━━━ Data extract
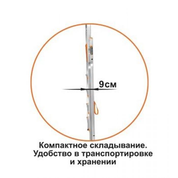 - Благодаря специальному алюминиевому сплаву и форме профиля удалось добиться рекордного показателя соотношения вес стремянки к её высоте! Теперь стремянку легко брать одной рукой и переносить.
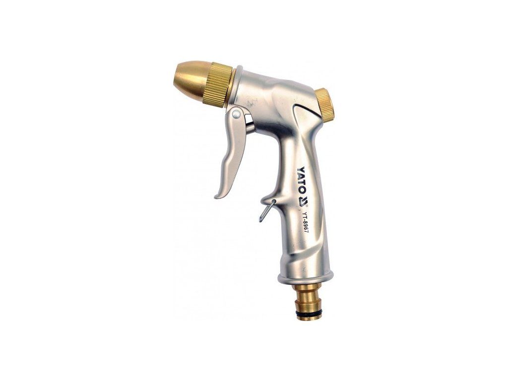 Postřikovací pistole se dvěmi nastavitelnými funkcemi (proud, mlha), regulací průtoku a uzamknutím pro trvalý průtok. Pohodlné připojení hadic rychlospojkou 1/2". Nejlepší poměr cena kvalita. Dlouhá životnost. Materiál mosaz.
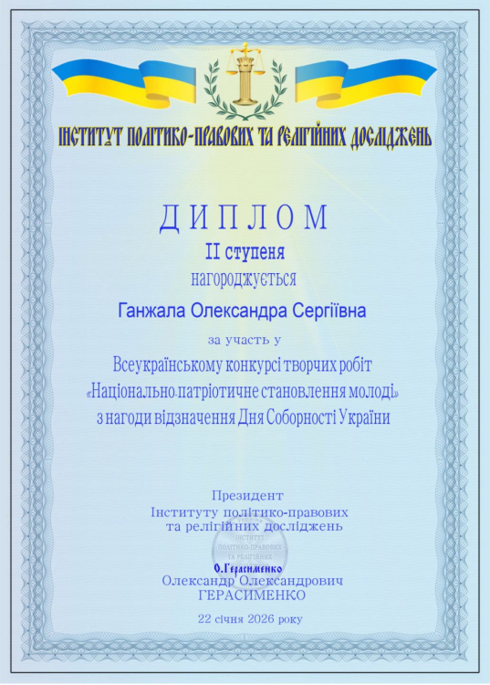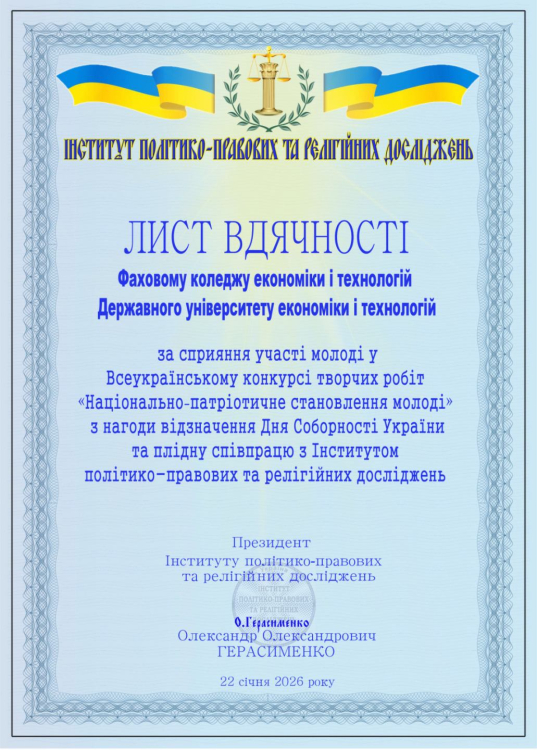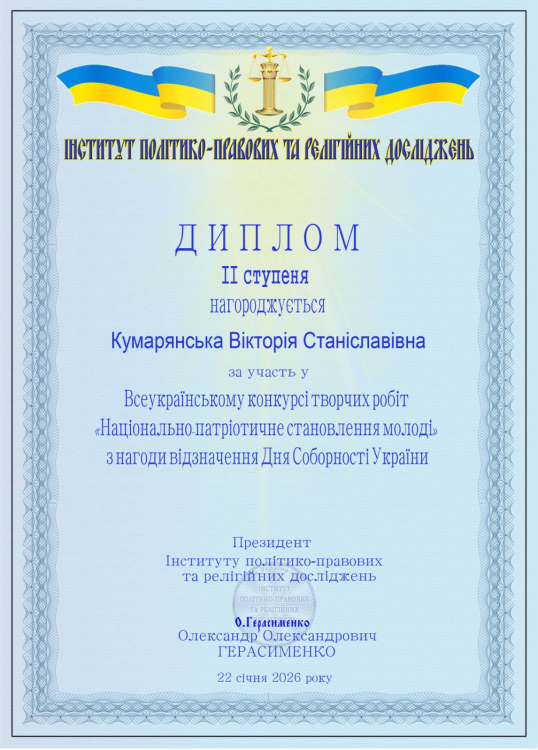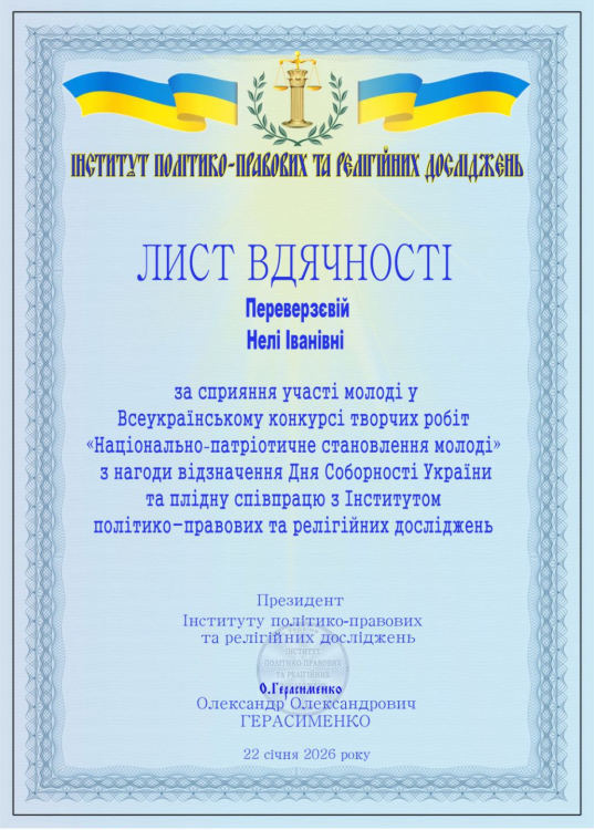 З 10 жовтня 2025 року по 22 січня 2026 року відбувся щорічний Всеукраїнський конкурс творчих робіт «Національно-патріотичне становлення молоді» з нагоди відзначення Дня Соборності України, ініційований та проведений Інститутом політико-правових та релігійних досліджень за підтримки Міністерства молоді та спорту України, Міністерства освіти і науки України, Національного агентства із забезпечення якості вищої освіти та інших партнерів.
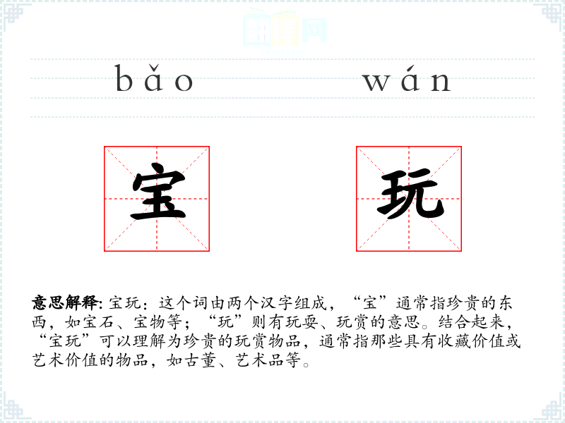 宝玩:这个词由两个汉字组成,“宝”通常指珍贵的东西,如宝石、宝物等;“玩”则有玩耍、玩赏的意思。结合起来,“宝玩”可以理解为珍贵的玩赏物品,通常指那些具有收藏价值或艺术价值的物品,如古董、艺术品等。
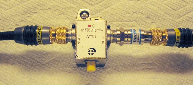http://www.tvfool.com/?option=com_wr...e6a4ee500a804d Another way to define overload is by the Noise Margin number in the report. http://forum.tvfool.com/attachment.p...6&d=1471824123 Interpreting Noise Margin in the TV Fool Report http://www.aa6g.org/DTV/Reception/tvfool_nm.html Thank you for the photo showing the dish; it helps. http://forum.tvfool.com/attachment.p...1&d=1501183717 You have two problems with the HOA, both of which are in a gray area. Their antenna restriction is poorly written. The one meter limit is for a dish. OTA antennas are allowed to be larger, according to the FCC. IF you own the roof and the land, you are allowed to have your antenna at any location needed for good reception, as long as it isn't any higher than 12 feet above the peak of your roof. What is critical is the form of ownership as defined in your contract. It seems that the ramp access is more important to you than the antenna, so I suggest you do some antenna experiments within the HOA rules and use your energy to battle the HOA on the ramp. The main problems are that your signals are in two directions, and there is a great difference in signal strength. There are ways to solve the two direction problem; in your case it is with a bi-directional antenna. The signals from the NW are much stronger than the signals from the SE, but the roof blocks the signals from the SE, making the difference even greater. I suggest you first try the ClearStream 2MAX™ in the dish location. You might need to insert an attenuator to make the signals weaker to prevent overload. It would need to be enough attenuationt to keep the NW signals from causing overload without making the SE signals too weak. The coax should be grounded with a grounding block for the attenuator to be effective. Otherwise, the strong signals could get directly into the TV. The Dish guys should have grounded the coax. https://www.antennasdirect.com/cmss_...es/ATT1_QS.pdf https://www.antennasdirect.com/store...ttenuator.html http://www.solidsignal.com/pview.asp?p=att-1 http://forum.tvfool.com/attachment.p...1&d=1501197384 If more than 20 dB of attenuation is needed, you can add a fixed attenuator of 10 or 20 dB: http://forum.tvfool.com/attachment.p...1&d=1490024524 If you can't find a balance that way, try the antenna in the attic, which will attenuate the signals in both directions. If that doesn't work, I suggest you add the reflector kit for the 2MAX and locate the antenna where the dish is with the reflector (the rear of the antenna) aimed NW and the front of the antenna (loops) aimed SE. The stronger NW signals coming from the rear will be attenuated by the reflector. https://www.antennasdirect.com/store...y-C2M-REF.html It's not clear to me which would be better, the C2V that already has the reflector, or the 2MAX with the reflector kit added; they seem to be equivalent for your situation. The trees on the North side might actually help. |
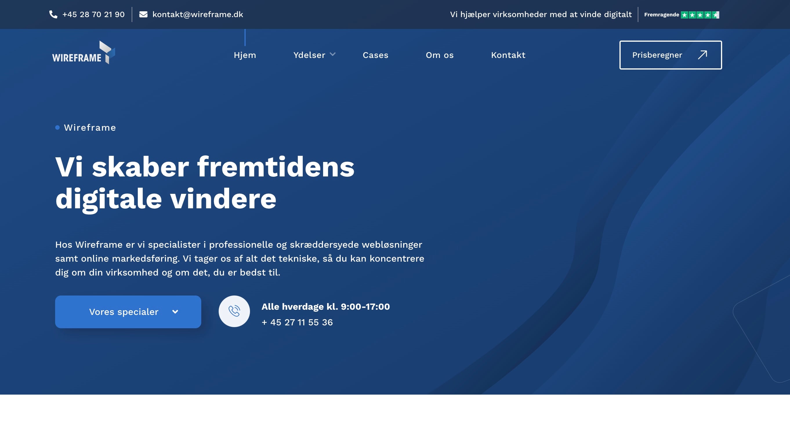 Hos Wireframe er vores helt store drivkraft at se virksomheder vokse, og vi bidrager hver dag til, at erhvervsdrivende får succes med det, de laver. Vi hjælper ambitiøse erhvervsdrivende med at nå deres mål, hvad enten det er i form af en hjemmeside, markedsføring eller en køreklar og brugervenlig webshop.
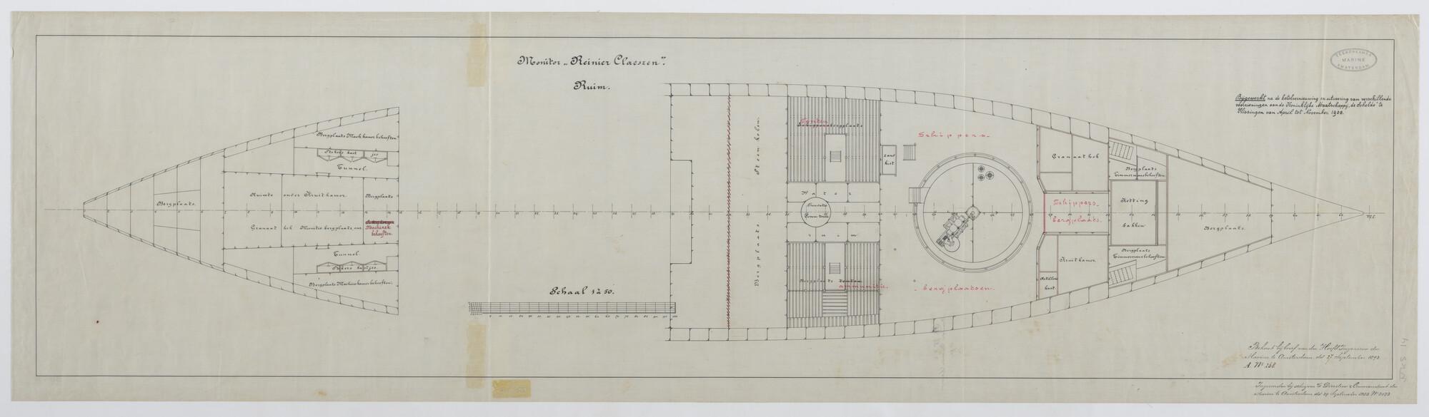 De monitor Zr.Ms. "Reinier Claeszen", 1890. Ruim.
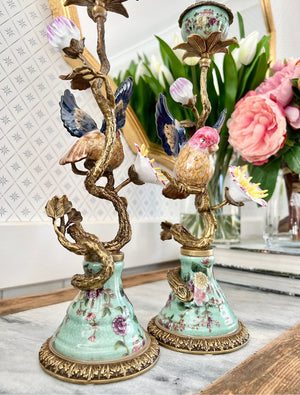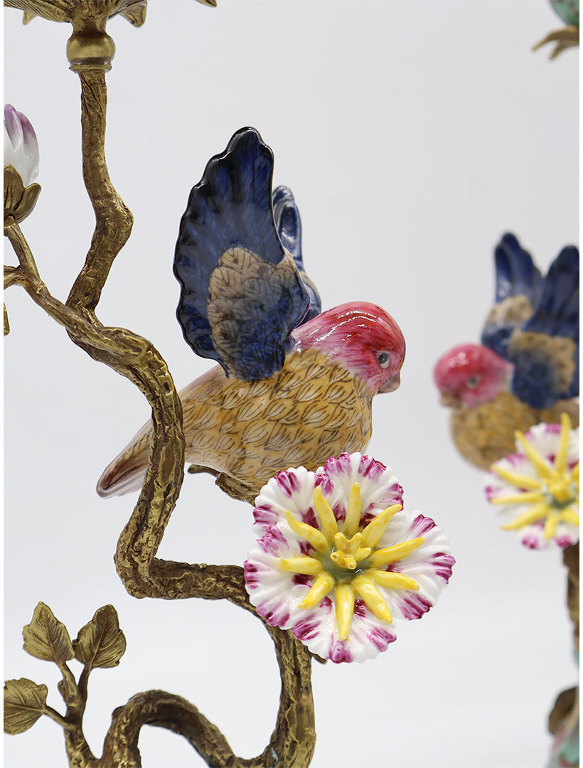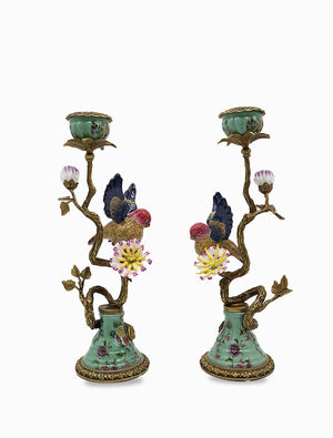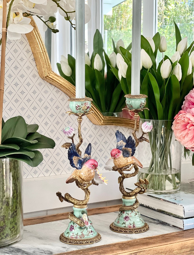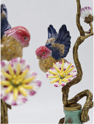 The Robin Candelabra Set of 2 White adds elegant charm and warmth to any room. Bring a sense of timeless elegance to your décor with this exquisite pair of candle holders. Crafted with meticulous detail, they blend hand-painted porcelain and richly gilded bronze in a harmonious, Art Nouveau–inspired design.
━━━━━━
Your instructions -> With no pictures included, write out the entries exactly.

Answer box ->
 - Благодаря специальному алюминиевому сплаву и форме профиля удалось добиться рекордного показателя соотношения вес стремянки к её высоте! Теперь стремянку легко брать одной рукой и переносить.
 Postřikovací pistole se dvěmi nastavitelnými funkcemi (proud, mlha), regulací průtoku a uzamknutím pro trvalý průtok. Pohodlné připojení hadic rychlospojkou 1/2". Nejlepší poměr cena kvalita. Dlouhá životnost. Materiál mosaz.
 З 10 жовтня 2025 року по 22 січня 2026 року відбувся щорічний Всеукраїнський конкурс творчих робіт «Національно-патріотичне становлення молоді» з нагоди відзначення Дня Соборності України, ініційований та проведений Інститутом політико-правових та релігійних досліджень за підтримки Міністерства молоді та спорту України, Міністерства освіти і науки України, Національного агентства із забезпечення якості вищої освіти та інших партнерів.
 宝玩:这个词由两个汉字组成,“宝”通常指珍贵的东西,如宝石、宝物等;“玩”则有玩耍、玩赏的意思。结合起来,“宝玩”可以理解为珍贵的玩赏物品,通常指那些具有收藏价值或艺术价值的物品,如古董、艺术品等。
http://www.tvfool.com/?option=com_wr...e6a4ee500a804d Another way to define overload is by the Noise Margin number in the report. http://forum.tvfool.com/attachment.p...6&d=1471824123 Interpreting Noise Margin in the TV Fool Report http://www.aa6g.org/DTV/Reception/tvfool_nm.html Thank you for the photo showing the dish; it helps. http://forum.tvfool.com/attachment.p...1&d=1501183717 You have two problems with the HOA, both of which are in a gray area. Their antenna restriction is poorly written. The one meter limit is for a dish. OTA antennas are allowed to be larger, according to the FCC. IF you own the roof and the land, you are allowed to have your antenna at any location needed for good reception, as long as it isn't any higher than 12 feet above the peak of your roof. What is critical is the form of ownership as defined in your contract. It seems that the ramp access is more important to you than the antenna, so I suggest you do some antenna experiments within the HOA rules and use your energy to battle the HOA on the ramp. The main problems are that your signals are in two directions, and there is a great difference in signal strength. There are ways to solve the two direction problem; in your case it is with a bi-directional antenna. The signals from the NW are much stronger than the signals from the SE, but the roof blocks the signals from the SE, making the difference even greater. I suggest you first try the ClearStream 2MAX™ in the dish location. You might need to insert an attenuator to make the signals weaker to prevent overload. It would need to be enough attenuationt to keep the NW signals from causing overload without making the SE signals too weak. The coax should be grounded with a grounding block for the attenuator to be effective. Otherwise, the strong signals could get directly into the TV. The Dish guys should have grounded the coax. https://www.antennasdirect.com/cmss_...es/ATT1_QS.pdf https://www.antennasdirect.com/store...ttenuator.html http://www.solidsignal.com/pview.asp?p=att-1 http://forum.tvfool.com/attachment.p...1&d=1501197384 If more than 20 dB of attenuation is needed, you can add a fixed attenuator of 10 or 20 dB: http://forum.tvfool.com/attachment.p...1&d=1490024524 If you can't find a balance that way, try the antenna in the attic, which will attenuate the signals in both directions. If that doesn't work, I suggest you add the reflector kit for the 2MAX and locate the antenna where the dish is with the reflector (the rear of the antenna) aimed NW and the front of the antenna (loops) aimed SE. The stronger NW signals coming from the rear will be attenuated by the reflector. https://www.antennasdirect.com/store...y-C2M-REF.html It's not clear to me which would be better, the C2V that already has the reflector, or the 2MAX with the reflector kit added; they seem to be equivalent for your situation. The trees on the North side might actually help. |
 Hos Wireframe er vores helt store drivkraft at se virksomheder vokse, og vi bidrager hver dag til, at erhvervsdrivende får succes med det, de laver. Vi hjælper ambitiøse erhvervsdrivende med at nå deres mål, hvad enten det er i form af en hjemmeside, markedsføring eller en køreklar og brugervenlig webshop.
 De monitor Zr.Ms. "Reinier Claeszen", 1890. Ruim.
 The Robin Candelabra Set of 2 White adds elegant charm and warmth to any room. Bring a sense of timeless elegance to your décor with this exquisite pair of candle holders. Crafted with meticulous detail, they blend hand-painted porcelain and richly gilded bronze in a harmonious, Art Nouveau–inspired design.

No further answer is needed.